What is needed is an exact copy of the data below, pictures excluded.

■ RECORDS TO PROCESS ■
☆ ☆ ☆
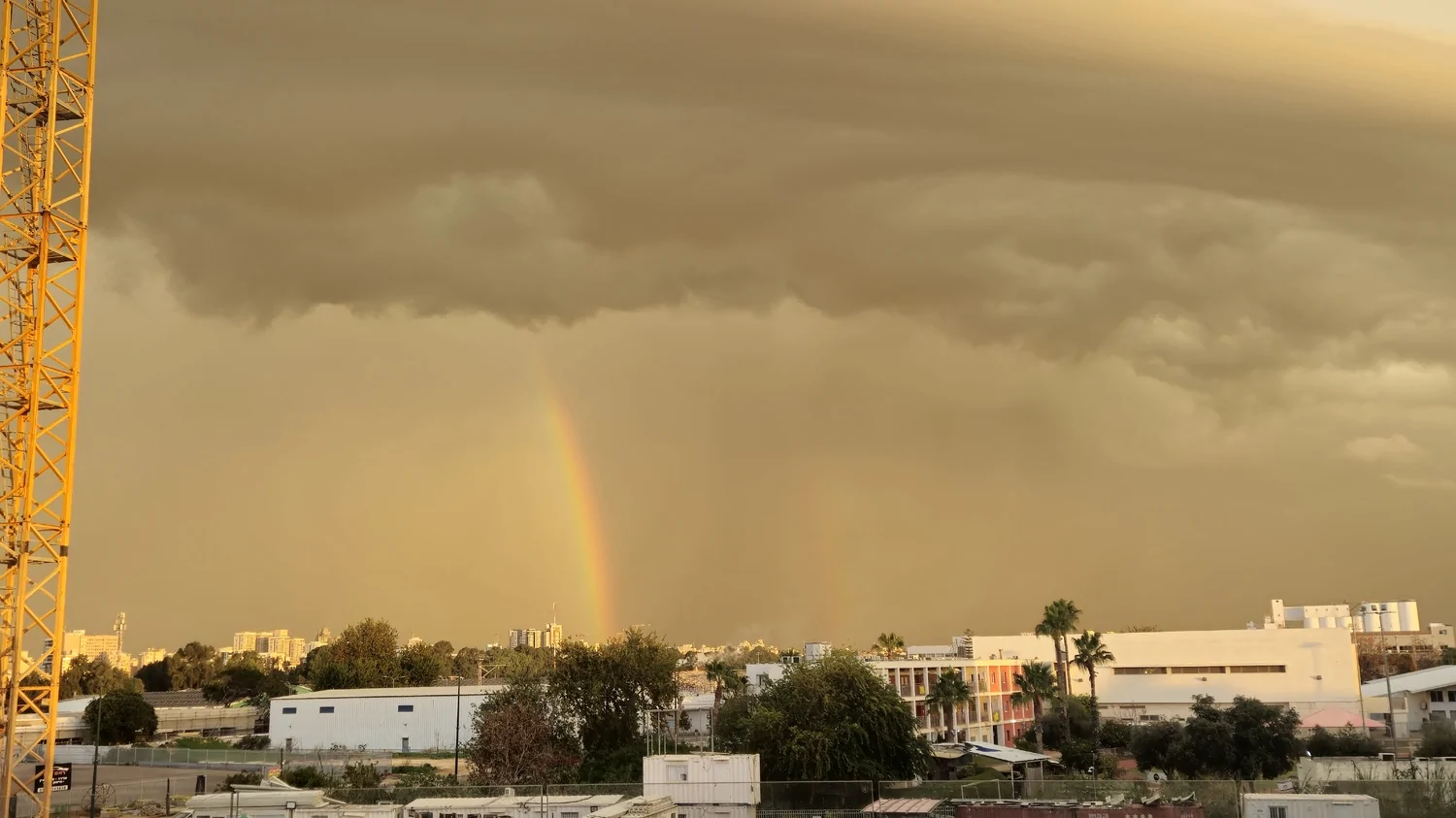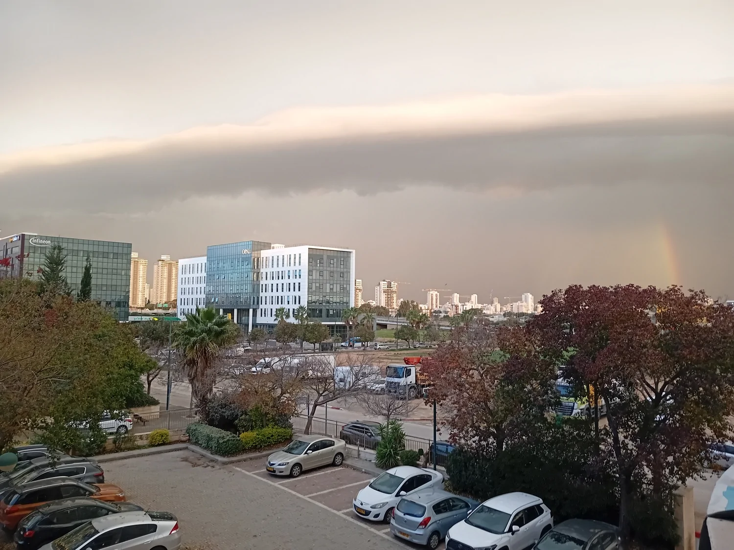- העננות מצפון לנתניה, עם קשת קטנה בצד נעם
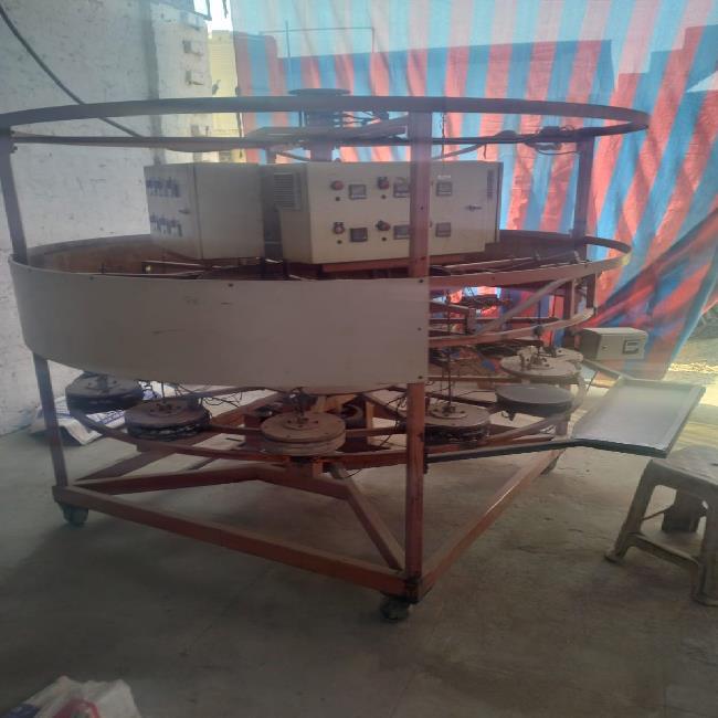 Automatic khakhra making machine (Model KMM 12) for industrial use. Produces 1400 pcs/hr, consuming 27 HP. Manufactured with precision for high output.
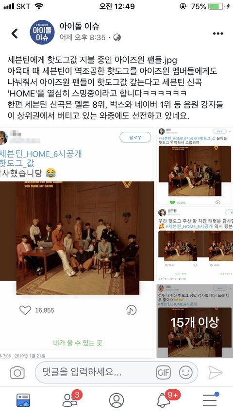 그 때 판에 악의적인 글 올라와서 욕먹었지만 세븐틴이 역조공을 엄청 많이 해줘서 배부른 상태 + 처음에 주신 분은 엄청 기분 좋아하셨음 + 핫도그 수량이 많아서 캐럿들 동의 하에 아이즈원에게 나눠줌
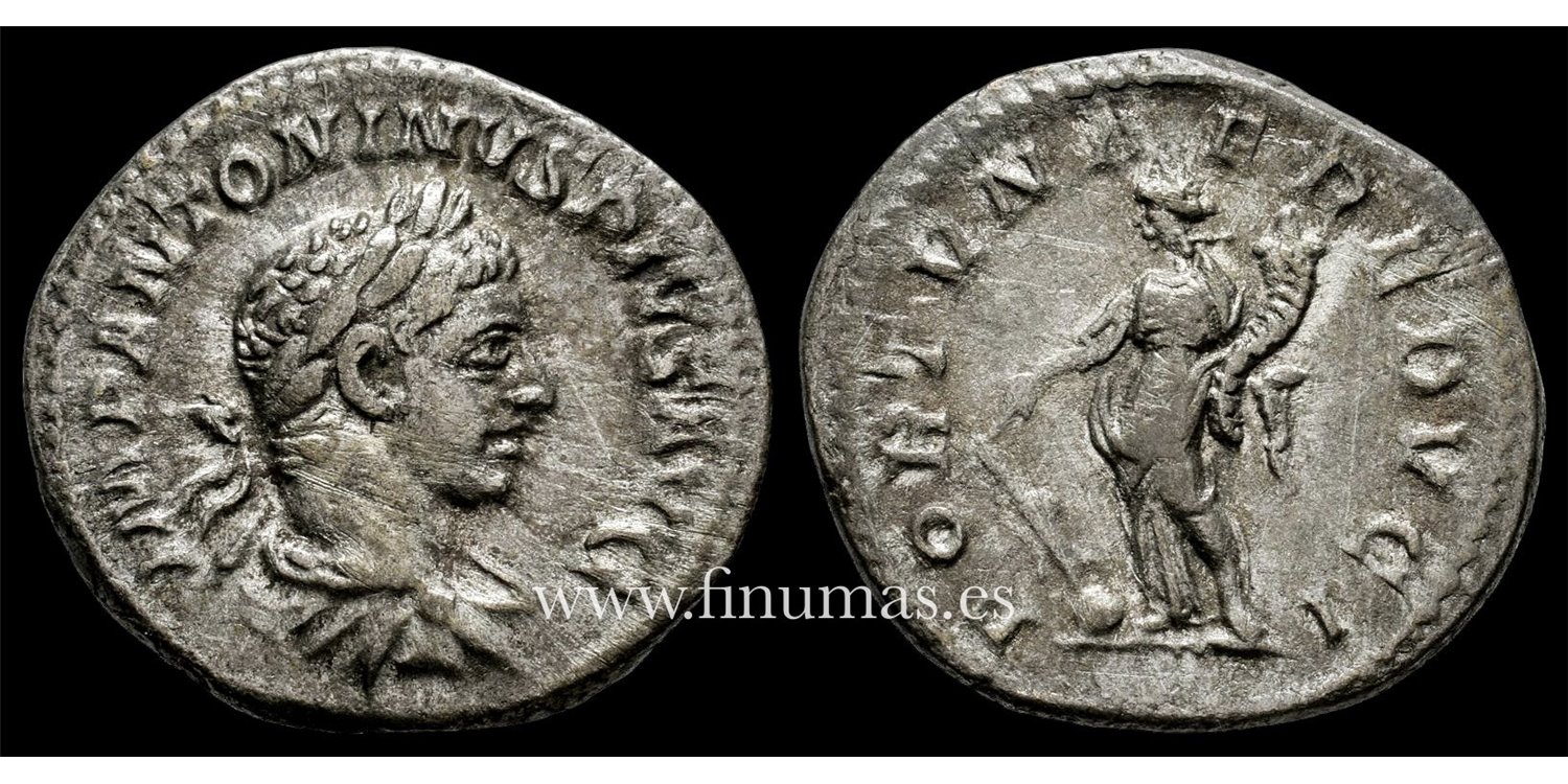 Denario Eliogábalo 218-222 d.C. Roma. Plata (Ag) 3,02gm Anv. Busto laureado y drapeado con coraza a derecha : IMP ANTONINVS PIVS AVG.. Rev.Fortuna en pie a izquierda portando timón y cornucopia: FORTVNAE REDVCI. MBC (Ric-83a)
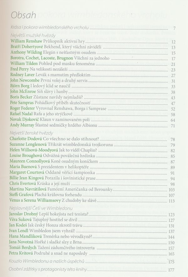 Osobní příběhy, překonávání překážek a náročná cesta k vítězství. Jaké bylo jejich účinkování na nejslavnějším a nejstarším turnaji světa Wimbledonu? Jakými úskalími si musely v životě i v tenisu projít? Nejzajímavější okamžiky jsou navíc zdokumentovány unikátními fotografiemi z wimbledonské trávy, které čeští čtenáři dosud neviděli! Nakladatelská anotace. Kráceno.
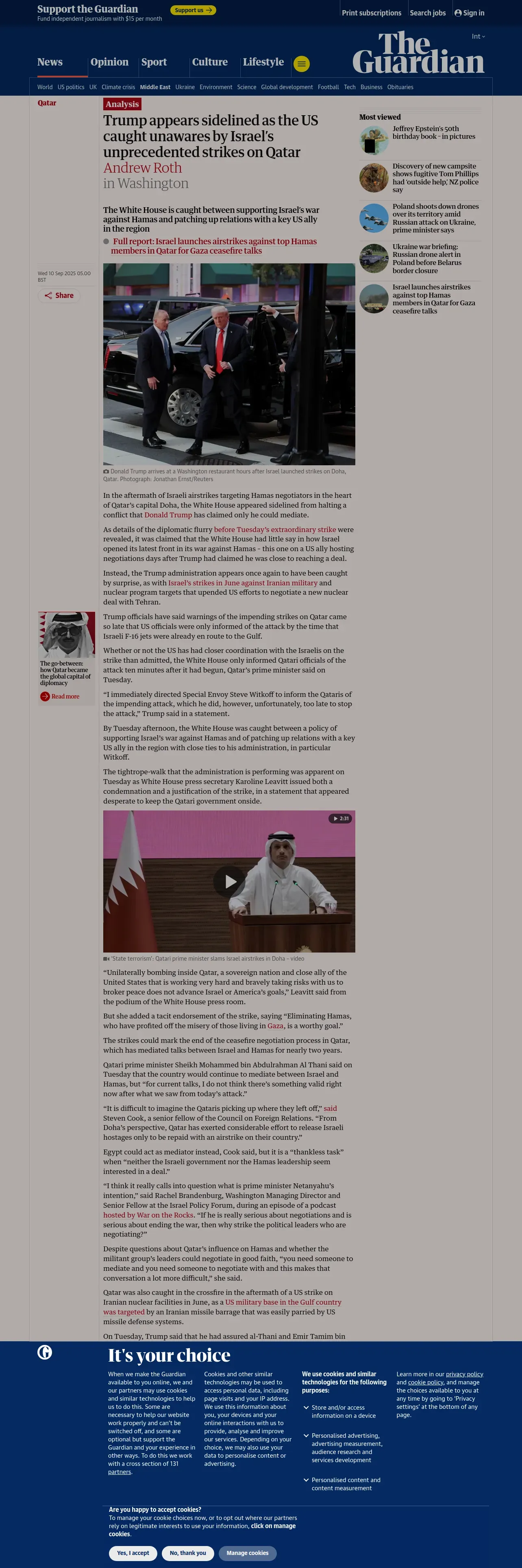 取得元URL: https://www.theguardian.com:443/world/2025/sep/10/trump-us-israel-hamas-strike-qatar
☆ ☆ ☆
■ TASK RESPONSE ■
- העננות מצפון לנתניה, עם קשת קטנה בצד נעם
 Automatic khakhra making machine (Model KMM 12) for industrial use. Produces 1400 pcs/hr, consuming 27 HP. Manufactured with precision for high output.
 그 때 판에 악의적인 글 올라와서 욕먹었지만 세븐틴이 역조공을 엄청 많이 해줘서 배부른 상태 + 처음에 주신 분은 엄청 기분 좋아하셨음 + 핫도그 수량이 많아서 캐럿들 동의 하에 아이즈원에게 나눠줌
 Denario Eliogábalo 218-222 d.C. Roma. Plata (Ag) 3,02gm Anv. Busto laureado y drapeado con coraza a derecha : IMP ANTONINVS PIVS AVG.. Rev.Fortuna en pie a izquierda portando timón y cornucopia: FORTVNAE REDVCI. MBC (Ric-83a)
 Osobní příběhy, překonávání překážek a náročná cesta k vítězství. Jaké bylo jejich účinkování na nejslavnějším a nejstarším turnaji světa Wimbledonu? Jakými úskalími si musely v životě i v tenisu projít? Nejzajímavější okamžiky jsou navíc zdokumentovány unikátními fotografiemi z wimbledonské trávy, které čeští čtenáři dosud neviděli! Nakladatelská anotace. Kráceno.
 取得元URL: https://www.theguardian.com:443/world/2025/sep/10/trump-us-israel-hamas-strike-qatar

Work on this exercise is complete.